The words sent an unexpected chill down Diana’s spine. “Ghosts?”
“Figure of speech, Your Grace,” Mrs. Glenwright replied, though something in her tone suggested otherwise. “This castle’s got more history than most folk can handle. Some choose to fade into the shadows rather than claim their place in the light.”
They walked in relative silence through corridors that seemed designed to dwarf anyone foolish enough to traverse them alone. Diana found herself taking mental notes on the way the morning light filtered in through narrow slits of windows, and the persistent draft that made every doorway feel like a portal to somewhere even colder. She eyed the portraits of long-dead Stormes watching her with expressions ranging from stern disapproval to outright hostility.
“This wing’s yers to do with as ye see fit, Your Grace,” Mrs. Glenwright announced, stopping before a set of heavy oak doors. “His Grace was particular about that. Said ye were to have yer own domain.”
“How thoughtful,” Diana murmured, though the word ‘domain” seemed strange to her ears. She was a twenty-year-old woman who’d never managed anything more complicated than her own correspondence but was now suddenly given dominion over an entire castle wing.

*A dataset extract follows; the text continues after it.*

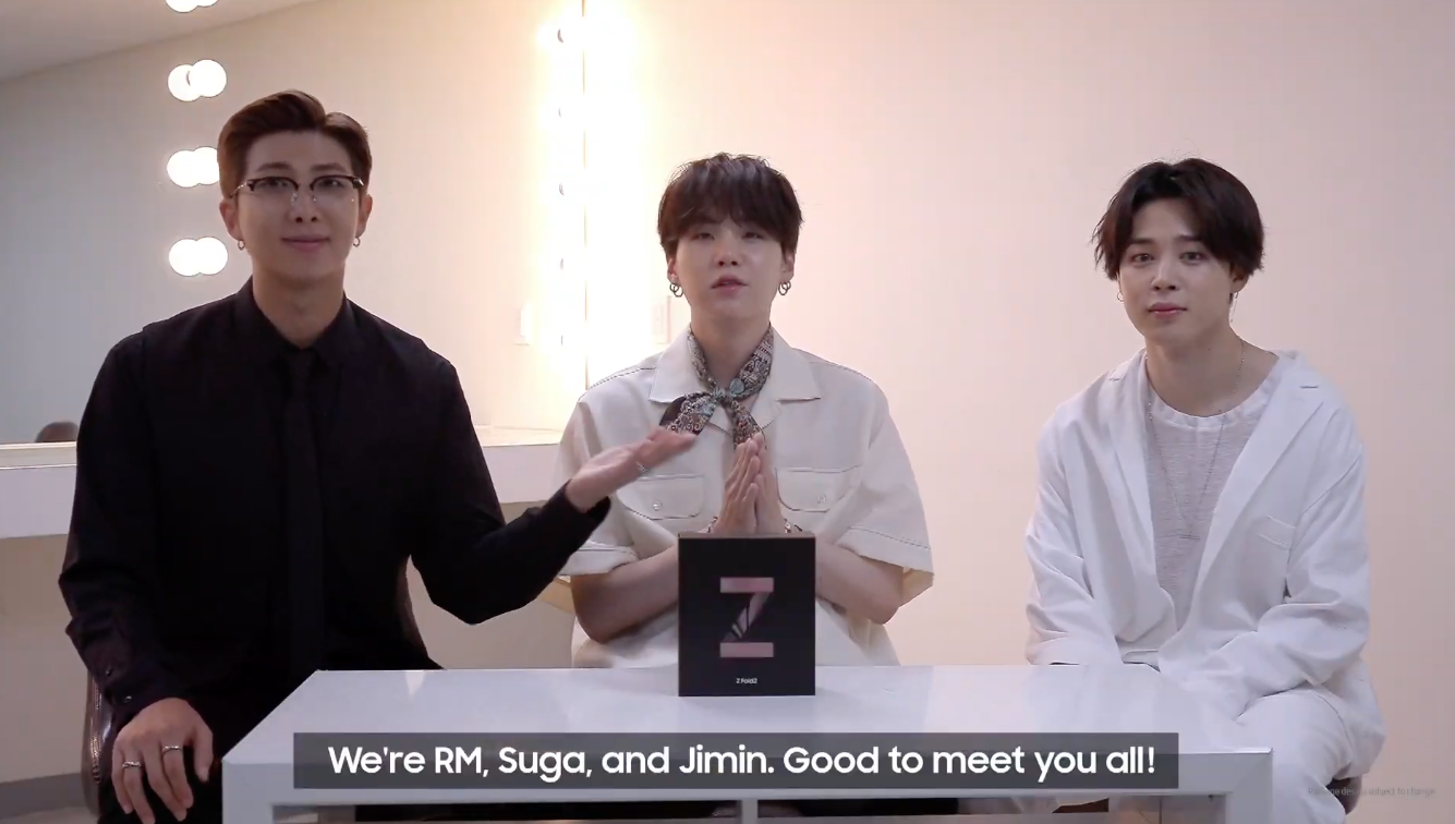 첫번째 승부수는 BTS의 등장입니다. BTS가 갤럭시Z 폴드2를 개봉하면서 사용 모습을 보여줬습니다. 글로벌 팬들에게 확실한 임팩트를 남기는 장면입니다.

Mrs. Glenwright produced a key from her ring and opened the door to reveal a morning room that might have been beautiful under different circumstances. Tall windows faced east, where Highland moors stretched toward mountains she couldn’t name yet. The furniture was elegant, but partly covered in dust sheets, as though waiting for someone who might never come.

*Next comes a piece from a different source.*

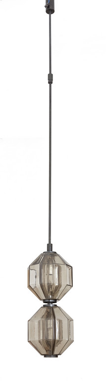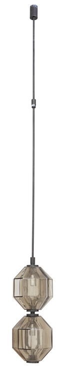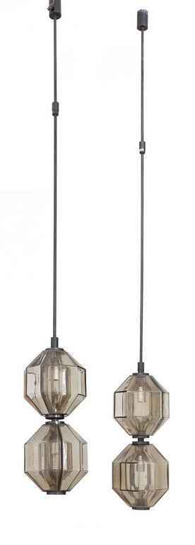 DUE LAMPIONI, anni '60. <br>Ottone ossidato canna

“Been closed off these past years,” Mrs. Glenwright explained, moving to pull dust sheets from chairs and tables with practiced efficiency. used to take her morning tea here. After she passed, well…” She shrugged.
Diana moved to the windows and pressed her palm against the glass. “What was she like? The Duke’s mother?”
For the first time since their meeting, Mrs. Glenwright’s expression softened, though something like pain flickered in her eyes. “Och, Her Grace was gentle, like ye. Sweet-natured, quiet like. But she had a laugh that could warm even these old, cold stones. She was so excited about the bairn comin’…” The housekeeper’s voice caught slightly. “But childbirth was too much for her. We lost her, and the wee little lad she brought into the world? Well, we lost him too, in a manner of speakin’.”
Diana blinked, the unspoken question swimming in her eyes.
“His father never forgave him for it.”
Diana’s breath caught audibly. “He blamed the Duke? For his own mother’s death?”
“Aye. Cruel thing, blamin’ a wee bairn for circumstances beyond anyone’s control. His Grace was sent away to live with Highland relatives before he could even walk properly. The old Duke couldn’t bear the sight of him – said the lad was a reminder of what he’d lost.” Mrs. Glenwright’s mouth pressed into a thin line. “Some wounds run deeper than others, and some fathers… well, some should never have sired offspring at all.”